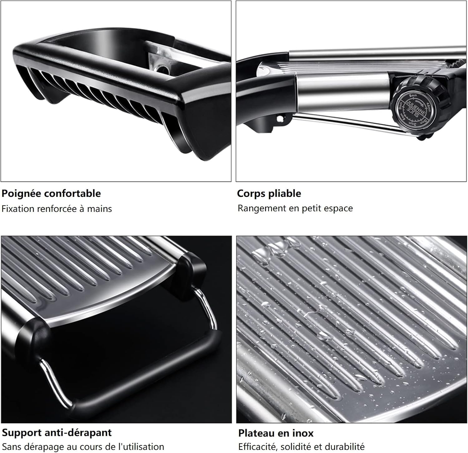 - Save Your Space:The blades are built-in and does not require extra space for storage. The folding handle and non-slip feet of the vegetable slicer are foldable, making it comfortable to use and easy to fold and store. Unit folds flat for easy storage in a drawer.
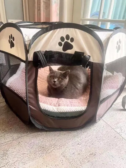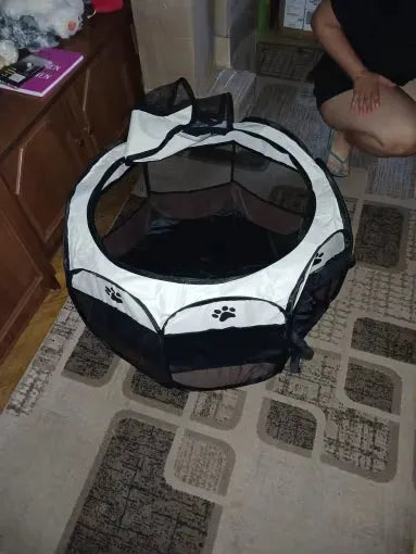 "Love this pet play pen! My cats are thrilled and I feel safe leaving them in it while I'm at work. The foldable design makes it super convenient to store, and its breathable mesh keeps my pets comfortable all day. Would recommend to any pet lover!"
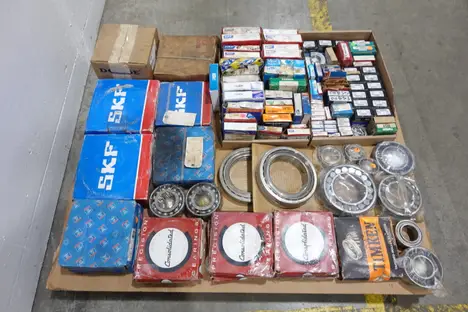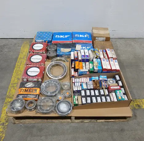 PALLET OF ASSORTED BEARINGS, SKF, CONSOLIDATED, TIMKEN, NTN, FAFNIR, NSK, KBC, SEAL MASTER
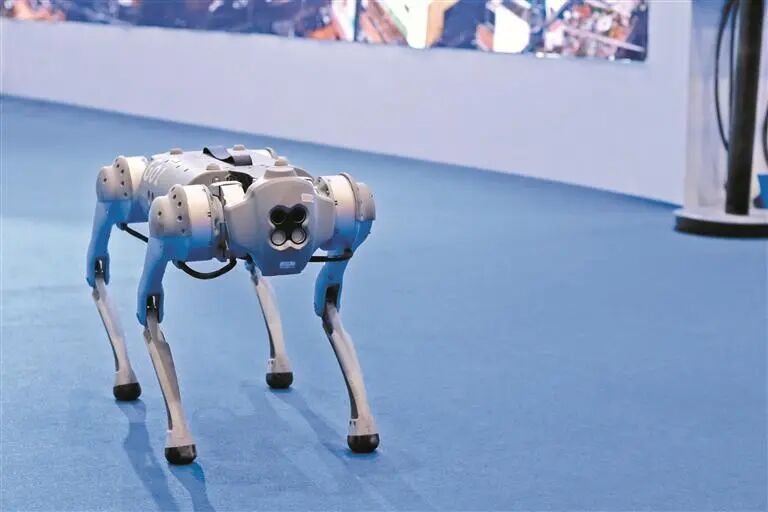 在展区现场,一只行走的“机器狗”成了高人气选手,吸引大家驻足观看,这款救援机器狗,搭载了各种先进的传感器,并具有灵活的移动性,可以完成勘察、通信保障、导航定位、救援现场应急照明等多项任务,为应急救援工作带来便利。

Task statement
Leave out the pictures and reproduce the rest of the listing exactly.

Task result
 - Save Your Space:The blades are built-in and does not require extra space for storage. The folding handle and non-slip feet of the vegetable slicer are foldable, making it comfortable to use and easy to fold and store. Unit folds flat for easy storage in a drawer.
 "Love this pet play pen! My cats are thrilled and I feel safe leaving them in it while I'm at work. The foldable design makes it super convenient to store, and its breathable mesh keeps my pets comfortable all day. Would recommend to any pet lover!"
 PALLET OF ASSORTED BEARINGS, SKF, CONSOLIDATED, TIMKEN, NTN, FAFNIR, NSK, KBC, SEAL MASTER
 在展区现场,一只行走的“机器狗”成了高人气选手,吸引大家驻足观看,这款救援机器狗,搭载了各种先进的传感器,并具有灵活的移动性,可以完成勘察、通信保障、导航定位、救援现场应急照明等多项任务,为应急救援工作带来便利。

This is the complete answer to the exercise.